RECORDS SUPPLIED:
_ _ _ _ _

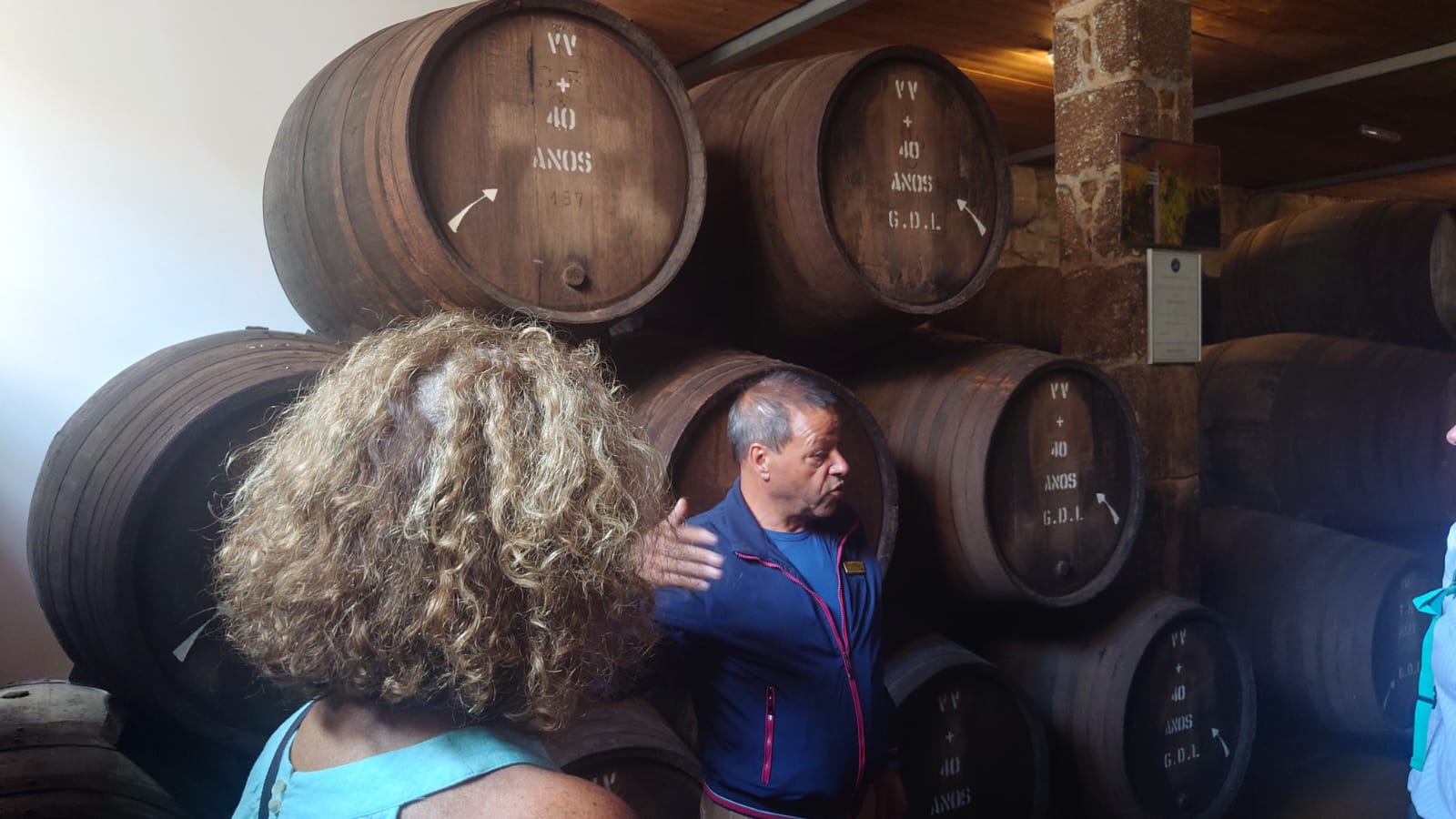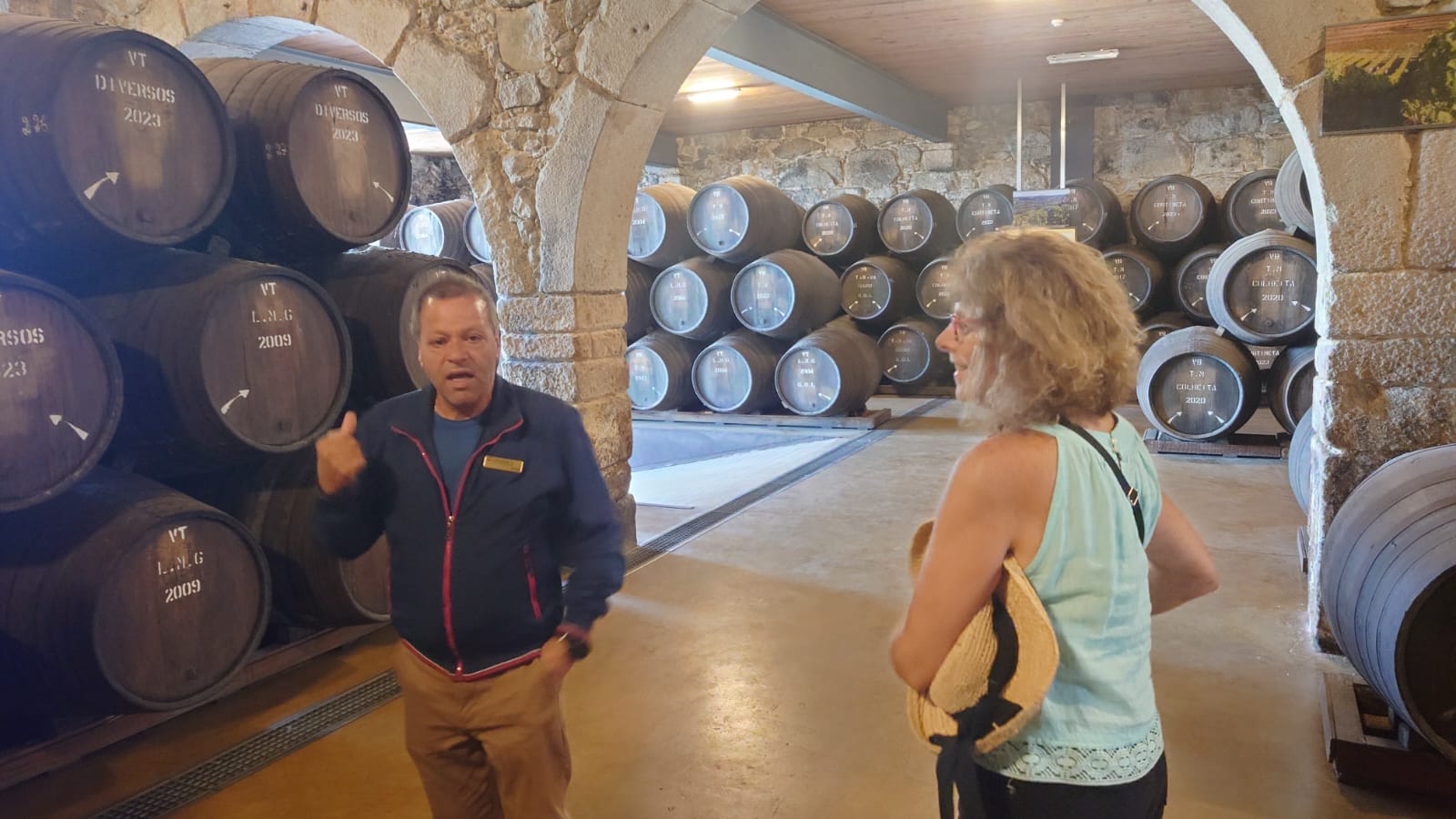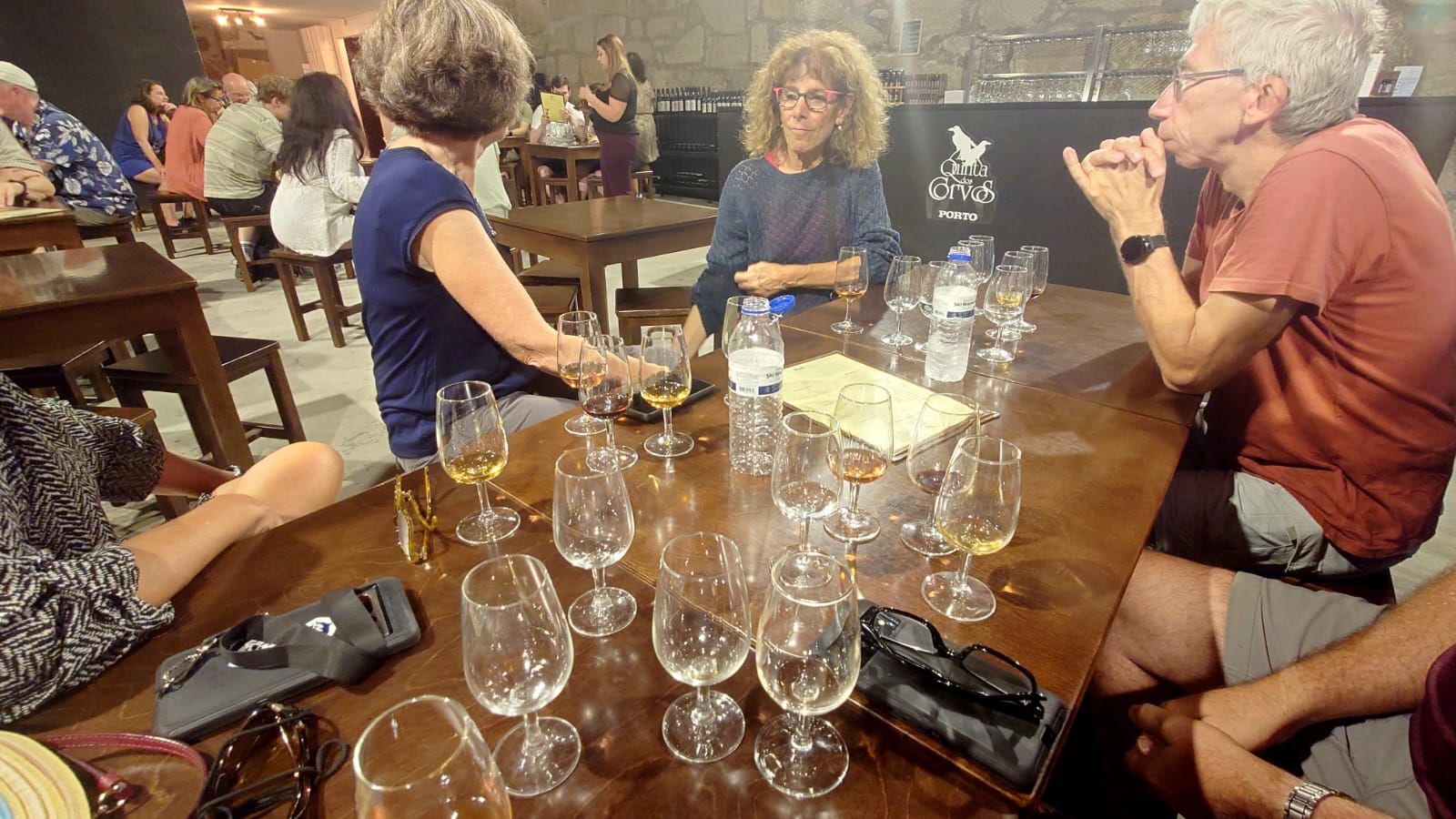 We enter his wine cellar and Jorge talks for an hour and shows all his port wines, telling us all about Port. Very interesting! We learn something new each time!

_ _ _ _ _

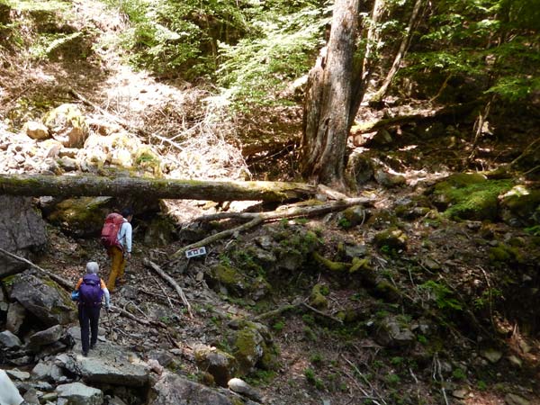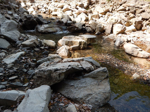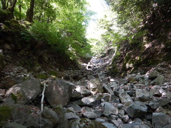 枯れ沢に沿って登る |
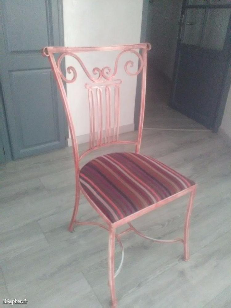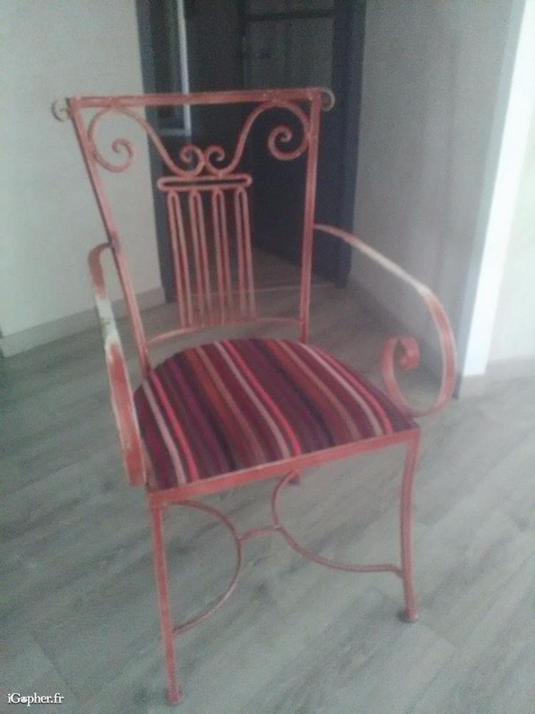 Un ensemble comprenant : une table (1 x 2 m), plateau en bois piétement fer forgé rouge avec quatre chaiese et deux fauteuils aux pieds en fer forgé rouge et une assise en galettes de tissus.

_ _ _ _ _

Using the entries above, repeat exactly the lines from the one with "枯れ沢に沿って登る |" to the one with "Un ensemble comprenant", both included, and leave the pictures behind.

TASK SOLUTION:
 枯れ沢に沿って登る |
 Un ensemble comprenant : une table (1 x 2 m), plateau en bois piétement fer forgé rouge avec quatre chaiese et deux fauteuils aux pieds en fer forgé rouge et une assise en galettes de tissus.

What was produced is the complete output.